Agar tak terjatuh menghantam lantai, Arina bertumpu pada tembok bersamaan dengan tatapannya yang mulai berkunang-kunang. Perlahan sekitar berubah seolah dunia terasa berputar. Ia segera menutup matanya rapat-rapat dan menggelengkan sejenak kepalanya guna menghilangkan rasa pusing yang membuat badannya juga terasa tak enak.

"-dan sampai Boss menyadari jika aku mencintainya."

"Apakah cintaku benar-benar akan tersampaikan ... , ya?" batin Arina kala mengingat jawabannya sendiri yang tak begitu pasti. Merasa jika itu hanya ucapan belaka yang hanya sebatas mimpi. Namun, rasa cintanya begitu besar pada Mori.

Apakah dan haruskah ia terus seperti ini?

Ah, rasanya kedua mata Arina memanas dan hendak mengeluarkan bulir-bulir berkilauan dari ekor matanya. Namun, hal itu harus terhenti ketika mengingat dirinya harus segera ke ruangan Mori.

"Boss-"

"Kau tahu jika aku tidak menerima alasan apapun, terutama dirimu, 'kan?"

Arina terdiam mendengar ucapan dingin Mori yang sudah ia duga dari awal jika akan begini. Tak ada ucapan lain dari mulutnya selain kata maaf saat ini.

Mori hanya diam mendengar ucapan maaf dari wanita yang ternoda karenanya. Namun, ia tak peduli selama itu masih berguna dan logis baginya, terutama jika itu mengarah pada tujuannya. Apapun akan ia lakukan agar menjadi nyata, meski harus menodai wanita yang ia sendiri sadar jika Arina mencintainya.

Tetap saja, Mori tidak peduli. Hanya berfokus pada tujuannya sendiri.

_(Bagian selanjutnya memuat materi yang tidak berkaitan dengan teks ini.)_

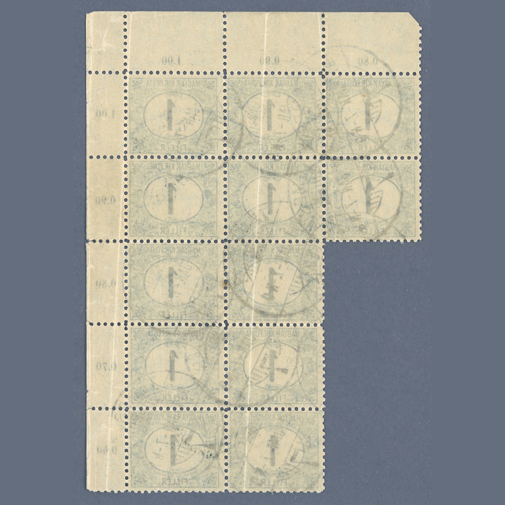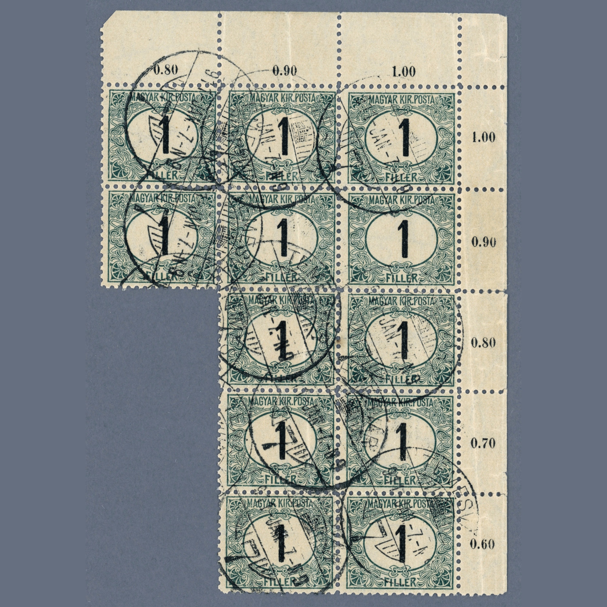 1903 Magyarország – Portó 1 fillér pecsételt tizenötös tömb, B fog (11,5 fogazat), az egyik bélyegen csillagvízjel – ritkán látható ilyen nagy pecsételt összefüggés | Phu: 40+++ EUR

Mori sempat melirik Arina sebelum akhirnya mengamatinya dari atas sampai bawah. Bisa ia lihat wajah pucatnya yang terlihat risih ketika ditatap intens olehnya.

"Bagaimana hasilnya?" tanya Mori yang langsung pada intinya saja.

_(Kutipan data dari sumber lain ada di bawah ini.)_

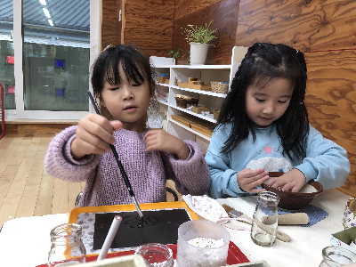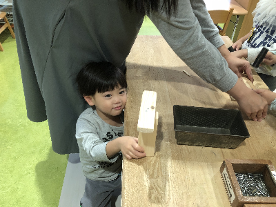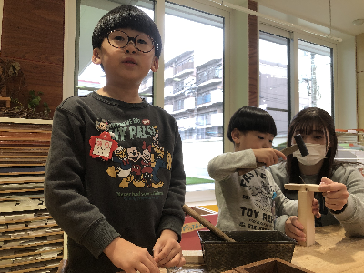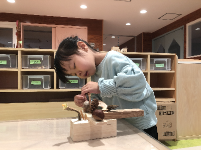 昨日からうさぎさんが木工コーナーでホットボンドができるようになりました♪

"S-saya belum memeriksanya pagi ini, Boss ... ," ucap Arina gugup juga takut.

Terdengar decakan kesal bersamaan dengan hawa sekitar yang mulai tidak enak. Arina yakin jika Mori cukup marah padanya.

Mau bagaimana lagi bukan jika Mori pagi tadi memaksanya untuk bergerak cepat untuk segera menghadiri rapat?

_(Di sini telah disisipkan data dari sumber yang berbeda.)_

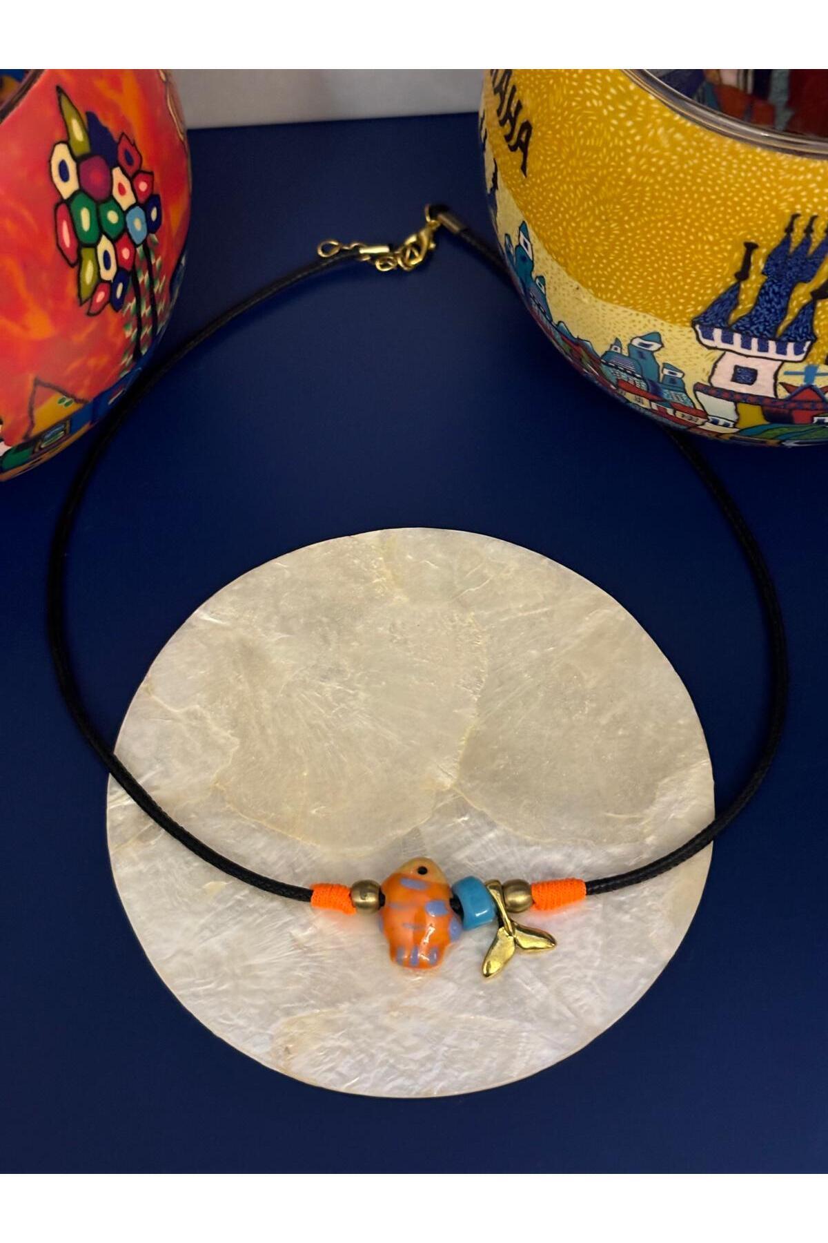 Otantik Etnik Bohem Turuncu Seramik Balık ve Mavi Cam Boncuklu Balık Kuyruğu Kolye Otantik Etnik Bohem Turuncu Seramik Balık ve Mavi Cam Boncuklu Balık Kuyruğu Kolye KLY-OT-85 تک سایز

"Kau mau aku memaksamu?" Bukan pertanyaan ramah atau pertanyaan toleransi lainnya, melainkan hanya ucapan dingin yang tersirat rasa tidak suka.

Arina bergidik ngeri dan menundukkan kepalanya. Ia benar-benar takut dan merasa akan menangis sekarang juga. "T-tidak, Boss. S-saya akan segera memeriksa dan melaporkannya pada Anda," ucapnya.

Setelah itu tak ada ucapan apapun lagi yang keluar dari mulut Mori. Pria berkepala empat itu kembali fokus menatap langit juga kota Yokohama dari balik jendela ruangannya yang besar nan megah.

Merasa suasana sedikit mereda, Arina memutuskan untuk mengatakan apa yang sudah menjadi sesuatu yang telah lama ia pendam. Ia ingin mengeluarkan uneg-unegnya atas apa yang telah lama ia rasakan terhadap Mori sekarang juga, meski itu berisiko sangat fatal nantinya.

"Ada yang ingin saya sampaikan, Boss," ucap Arina berusaha untuk tidak gugup dan menetralisir detak jantungnya. Sedikit berharap akan jawaban yang baik dari Mori nantinya dan mempersiapkan diri untuk sesuatu yang buruk yang (mungkin) akan terjadi juga.

" ... Katakan."

Izin yang diberikan pada Arina membuat wanita itu menunduk dan sedikit meremas kecil jubahnya. Ia pun berkata, "S-saya sudah lama mencintai Anda, Boss. Bahkan rela melakukan apapun yang Boss perintahkan asal rasa cinta saya tersampaikan pada Anda, termasuk mengorbankan keperawanan saya .... M-maaf jika saya memiliki rasa yang lancang terhadap Anda, t-tapi ... , tapi bisakah Anda mengatakan sesuatu terhadap perasaan saya?"